Intel’s 2017 MKL random number generator functions do not provide parallel functions, but provide mechanisms to support multi-threaded generation. Some of these algorithms are bound by memory performance and run significantly faster when the array fits in the processor cache. These algorithms should scale well running on multiple cores when each array fits in non-shared levels of cache. But first, let’s see how well the algorithms scale from single-core to multi-core for very large array sizes.
The above graph compares 2017 MKL random number generators which support multi-threaded generation. The slower algorithms, such as MRG32K3A, WH, and PHILOX3X32x10 scale linearly on my quad-core laptop i5-6300HQ CPU. The faster algorithms, such as MT19937, MCG31, MCG59, SFMT19937, NIEDERR, and ARS5, scale linearly until the memory bandwidth limit is reached. All of the algorithms scale well, up to the memory bandwidth limit, when generating single precision 32-bit floating-point random values in the range of 0.0 to 1.0 (i.e. floats).
The memory bandwidth limits the performance of these generators to about 3.5 GigaFloats/sec. It’s anticipated that these generators will run faster on a machine with higher memory bandwidth, or running inside CPU cache when using smaller array sizes which fit inside the cache, where higher memory bandwidth is available.
These measurements were performed with 500 MegaFloats array size, which does not fit into the CPU cache, but fits into 16 GigaBytes of system memory.
The following graph show multi-core scaling for MKL random number generators for double precision floating-point:
For doubles, multi-core scaling is not as consistent as it is for single precision floating-point random values. MT19937 and SFMT19937 algorithms do not scale beyond a single core. MCG31, MCG59, SOBOL, NIEDERR, and ARS5, reach memory bandwidth limit with two or more cores, making scaling beyond that point not worthwhile for this laptop. Since the laptop CPU (i5-6300HQ) support two channels of DD4 memory, for large arrays of random double precision floating-point values, memory bandwidth is the main performance limiter. Let’s see if performance scales further on a workstation class CPU with four channels of DDR4 memory, and more cores.
The following two graphs show performance on a workstation with a Xeon E5 1650 6-core CPU with Hyperthreading.
Performance increased from 3.5 GigaFloats/sec to over 5 GigaFloats/sec, as memory bandwidth increased from 2 channels of DDR4 to 4 channels. The same goes for generating double precision floating-point random numbers, increase from 1.7 GigaDoubles/sec to 2.7 GigaDoubles/sec with additional system memory bandwidth, as the following graph shows:
Let’s see how high performance can go when reducing the array size to fit inside the CPU cache.

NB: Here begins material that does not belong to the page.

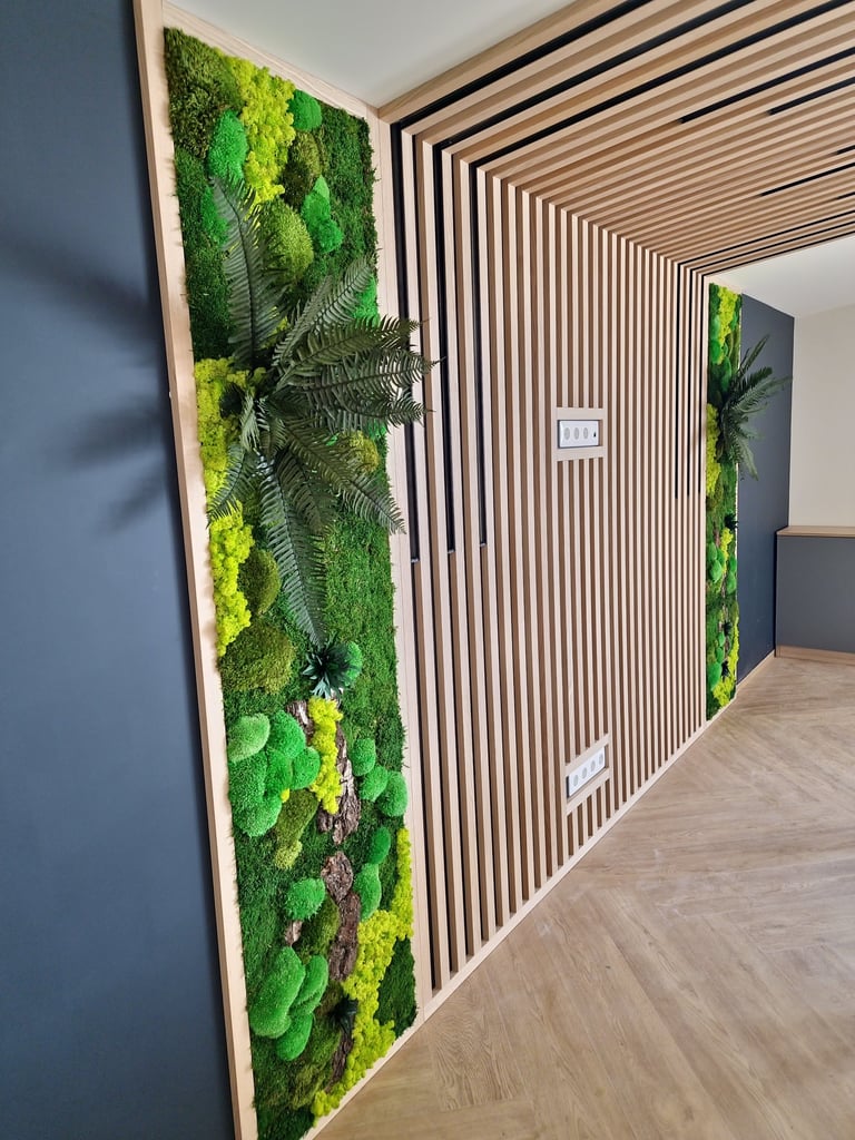 Stabilizuotų augalų ir samanų dekoras – tai modernus būdas suteikti sienoms išskirtinumo, gamtos pojūtį ir ramybės atmosferą. Šie sprendimai puikiai tinka ne tik namams, bet ir biurams, parduotuvėms, klinikoms ar kitoms viešoms erdvėms.
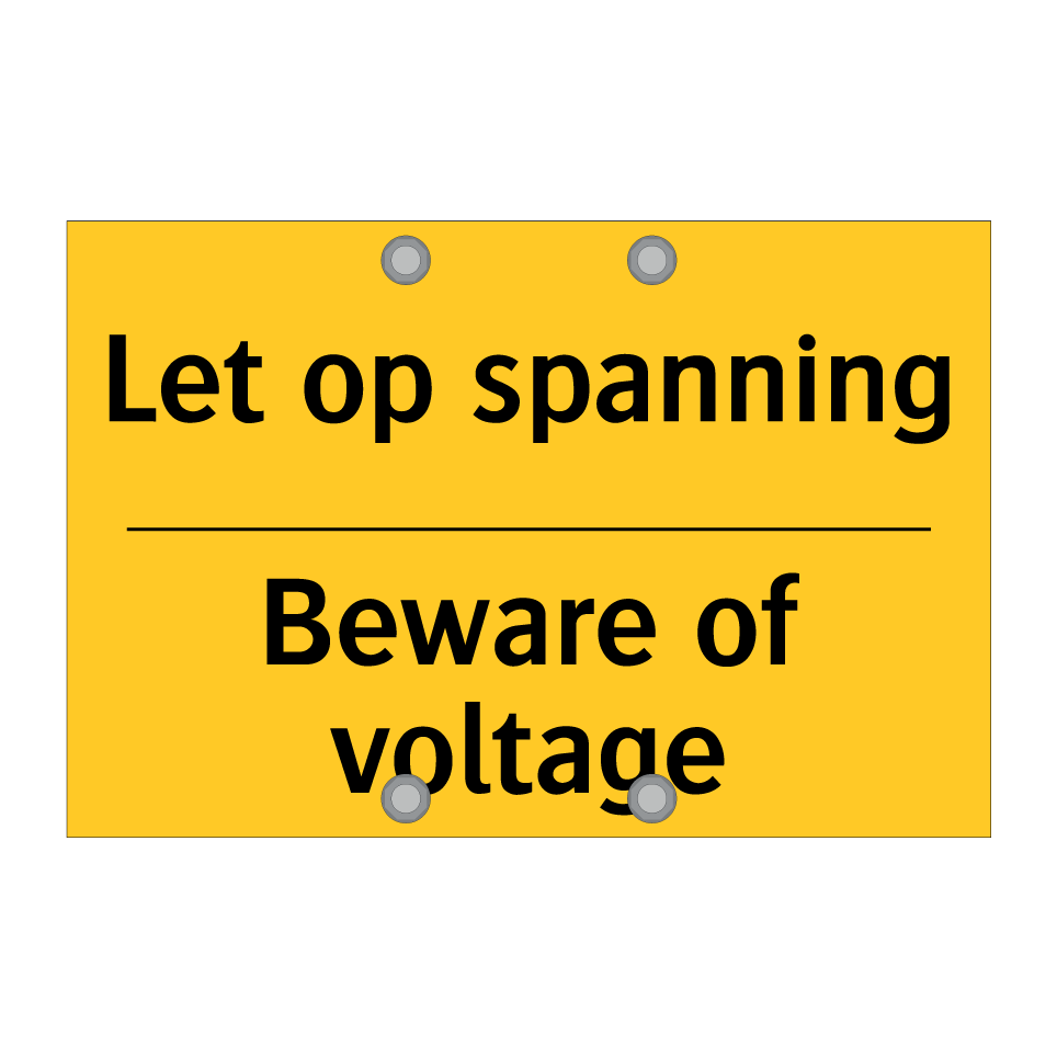 Waarschuwingsbord met de tekst Let op spanning / Beware of voltage

The above graph shows that many of the algorithms scale well when the bandwidth limit is lifted. Seven algorithms generated more than 5 GigaDoubles/sec on a quad-core processor. Three generated more than 6 GigaDoubles/sec, and one generated more than 7 GigaDoubles/sec. This benchmark used 4 out of the 6 available cores in the Xeon CPU. Thus, performance should reach 10 GigaDoubles/sec when all 6 cores are being used. This level of performance is 4X faster than Xeon processor with 4 channels of external memory, because bandwidth between the CPU and internal levels of cache is higher than bandwidth of system memory.
2017 MKL supports parallel/multi-threaded random generator functions to produce the same array of random values as the non-parallel generators. For this, two methods are provided: skip ahead and leap frog. Skip ahead splits the array into N contiguous even parts, enabling N-way parallel generation. Leap frog interleaves the array by N. Details of these methods are provided in the links below. Verifying their correctness can be done by comparing the results from the parallel version versus the no-parallel result.